Some psychologists believe that independent, peer-reviewed research in the decades since the MBTI was devised has provided something better than Myers-Briggs. They champion the notion of the “Big Five” personality traits — openness, conscientiousness, extroversion, agreeableness and neuroticism. Of these, only one trait is closely shared with the MBTI — extroversion. Myers-Briggs does not focus on “neuroticism” or, indeed, any similarly negative trait, which may point to one of the reasons why the criticisms lobbed at the test by modern science have yet to undermine its popularity.

So you found the best people for the team. Now what?

Success or failure is more complex than hiring the right person, not least because the Peter Principle. But have you interviewed the spouses? Yes, you read right — spouses. One might infer from recent research that interviewing spouses or at least knowing the set-up at home might give you a good idea of the new teammate’s success potential.

One is a diary study of dual-earner couples showing that people put more time in at work when their intimate relationships are going well, because the absence of drama at home gives them greater emotional, cognitive, and physical vigor to bring to the workplace.

The other shows that spouses’ personalities affect employees’ work outcomes — incomes, promotions, and so on. Both studies are reminders that each individual bent over each task in the office is connected to, and the product of, a social and familial context that matters a lot, and we should all be paying more attention to those contexts.

The second study is quite remarkable.

Brittany C. Solomon and Joshua J. Jackson of Washington University in St. Louis realized that a rich trove of data on thousands of Australian households would lend itself to an analysis of the effect of spouses’ personality characteristics on people’s employment outcomes, because the database included not only survey results indicating personality dimensions but also information on incomes, promotions, and job satisfaction.

The personality data covered what are known as the “big five” dimensions — extroversion, agreeableness, neuroticism, conscientiousness, and openness.
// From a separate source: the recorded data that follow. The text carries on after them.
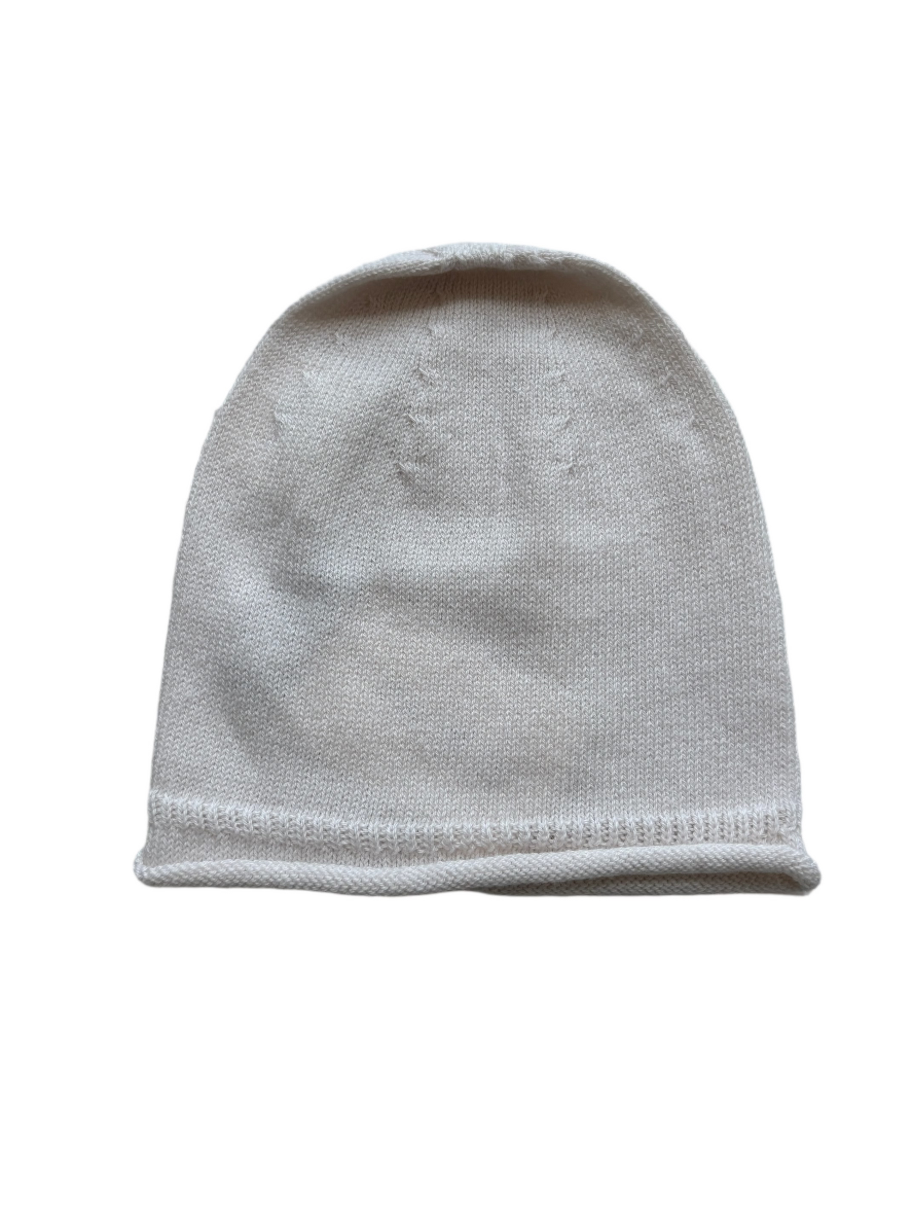 Keep your little one cozy with this charming cream knit hat, handmade in Spain from soft cotton. Perfect for chilly days, it’s a cold weather essential that combines comfort and heirloom quality. Snuggle up in style and warmth with this timeless piece designed to last through all your baby’s adventures.
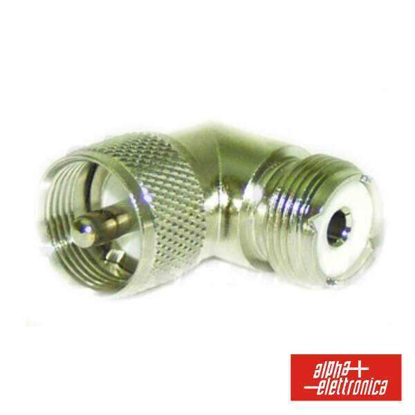 – Ficha adaptadora de UHF / M359– UHF Macho / M359 Fêmea c/ 90º– Estrutura Niquelada– Isolamento em Delrin
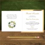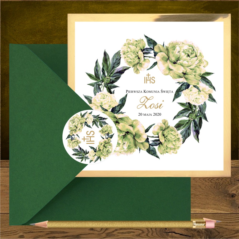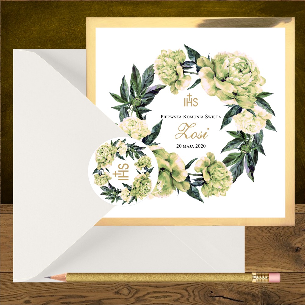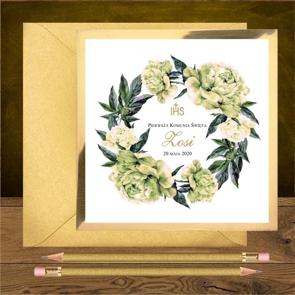 Zaproszenia komunijne. Piwonie ecru w wianku. Jednostronne złoty mirror

The researchers found that the only spousal trait that was important to an employee’s work outcomes was conscientiousness, which turns out to predict employee income, number of promotions, and job satisfaction, regardless of gender.

There is more. Are you an employer that wants the workplace to be a welcoming and egalitarian place for female employees? Then you will love this — or not!  Research shows a link between a heterosexual man’s marriage structure and his attitudes towards women in the workplace, including disliking their presence in the workplace and denying the women promotion opportunities.

Based on five studies with a total of 993 married, heterosexual male participants, we found that marriage structure has important implications for attitudes, beliefs, and behaviors related to gender among heterosexual married men in the workplace. Specifically, men in traditional marriages—married to women who are not employed—disfavor women in the workplace and are more likely than the average of all married men to make decisions that prevent the advancement of qualified women. Results show that employed men in traditional marriages tend to (a) view the presence of women in the workplace unfavorably, (b) perceive that organizations with higher numbers of female employees are operating less smoothly, (c) perceive organizations with female leaders as relatively unattractive, and (d) deny qualified female employees opportunities for promotions more frequently than do other married male employees. Moreover, our final study suggests that men who are single and then marry women who are not employed may change their attitudes toward women in the workplace, becoming less positive. The consistent pattern of results across multiple studies employing multiple methods (lab, longitudinal, archival) and samples (U.S., U.K., undergraduates, managers) demonstrates the robustness of our findings that the structure of a man’s marriage influences his gender ideology in the workplace, presenting an important challenge to workplace egalitarianism.